When he heard about Andrews’ xenotransplant, Stewart knew his prospects weren’t great. If he waited for a deceased donor, it could be three to five more years. By that time, his thrice-weekly appointments would have taken their toll. “Oftentimes people start dialysis, and they’re good candidates for a transplant, but by the time they get to that spot in the list where their name comes up, their health has declined to the point where they’re no longer eligible,” Stewart said.

He had no fewer than eight people offer to donate one of their kidneys: his sister, his brother, people he knew from work, one friend he’d made in first grade, another from the University of New Hampshire who’d moved to West Virginia and hadn’t been in touch since their graduation in 1993. But none made it through the screening process, for reasons of blood type or hypertension or psychological risk.

A pig might just be his best shot.

‘Mind-blowing’ blood work, arduous recovery

Andrews’ case has been a source of hope in the xenotransplantation world. “Having a patient now off dialysis for seven months, and having all the minerals and the fluid balance perfectly, regulated as it would be by a human kidney, is incredible,” Riella said. “It’s been mind-blowing to review his blood work.”

That success so far doesn’t mean it’s been easy for Andrews. At one point, his body began rejecting the new organ. At another, he had an infection. At yet another, there was a bleed following a biopsy, the blood putting pressure on the kidney; he had to undergo a surgery during which he was awake, pointing into his opened abdomen — “like raw hamburger,” he said — telling Riella where it hurt so that the doctor could siphon stuff out from the right spots.

Andrews initially called his kidney Wilbur, after the piglet in “Charlotte’s Web,” but when he found out all of eGenesis’ pigs were female, he renamed it Wilma. He invokes it, almost like a trusted friend, when thinking about the uncertainty he’s signed up for: “Tomorrow could be the end. Any day, Wilma could quit. Now, she’s a champion, and has carried on through all of this stuff that’s happened. But there’s no guarantee.”

The long recovery — and the arduous caregiving it has required — eventually put a strain on his marriage. In the last few months, after decades together, Andrews and his wife parted ways. “It just became too much. It wasn’t like, ‘I don’t like you anymore.’ It was, ‘I can’t handle this, you go into the hospital just for a blood test and you’re gone for three weeks, then you come home and can’t even pick up a gallon of milk,’” he said. He’s now living with his sister, a retired nurse, whose training makes it easier to help, and he takes every chance he gets to talk about the need to support not just patients, but their caregivers, too.

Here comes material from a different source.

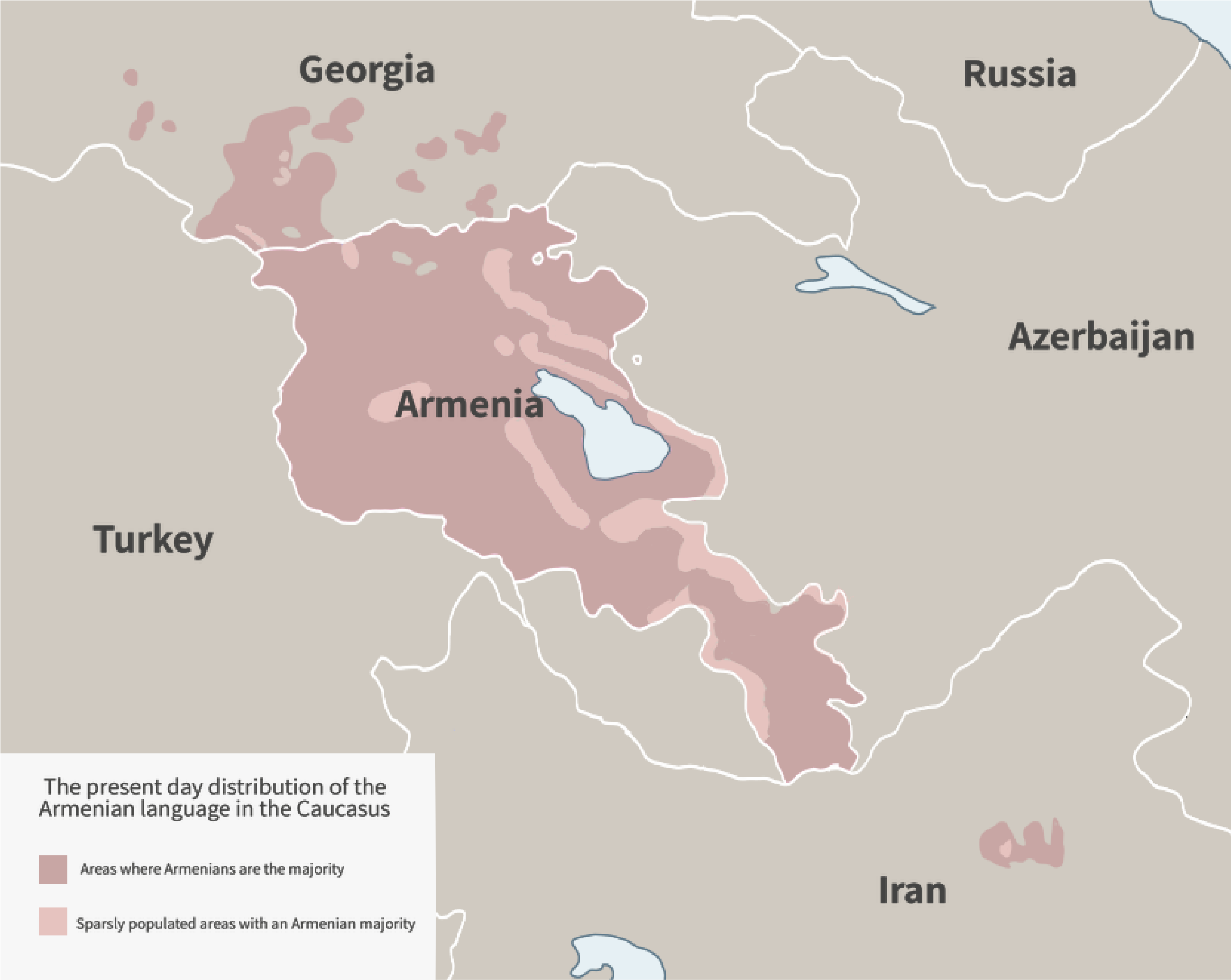 아르메니아어는 이란어군으로부터 많은 어휘를 차용하여 과거에는 이란계 언어로 여겨지기도 했다.[126] 이란어군뿐만 아니라 튀르크어족과 코카서스어족으로부터도 어휘를 차용하는 등 다양한 영향을 받았다.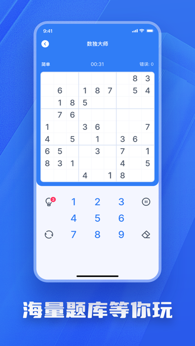 数独是源自18世纪瑞士的一种数学游戏。是一种运用纸、笔进行演算的逻辑游戏。玩家需要根据9×9盘面上的已知数字,推理出所有剩余空格的数字,并满足每一行、每一列、每一个粗线宫(3*3)内的数字均含1-9,不重复。 数独盘面是个九宫,每一宫又分为九个小格。在这八十一格中给出一定的已知数字和解题条件,利用逻辑和推理,在其他的空格上填入1-9的数字。使1-9每个数字在每一行、每一列和每一宫中都只出现一次,所以又称“九宫格”。修复一些BUG

Stewart, too, has had side effects similar to the ones he might experience if he’d gotten a human kidney. Anti-rejection medications can impede insulin’s ability to process sugars, and he’s developed diabetes. His ankles are sometimes swollen to the size of softballs. There’s plenty he’s not back to yet. He’s not about to get behind a boat on water skis, or lower himself into a kayak, or swim in the ocean; he doesn’t have the energy for hiking.

Yet when he isn’t at his myriad follow-up appointments, he’s at his house, with nautical etchings on the walls and pinkish conch-shells in the bathroom; he’s taking New England trips with his wife, a kindergarten teacher who insists the kids always get crazy when there’s a full moon; he’s stroking his mutt Casco, marveling that a creature that sheds so much still has any fur to stroke.

It sure beats being back on dialysis.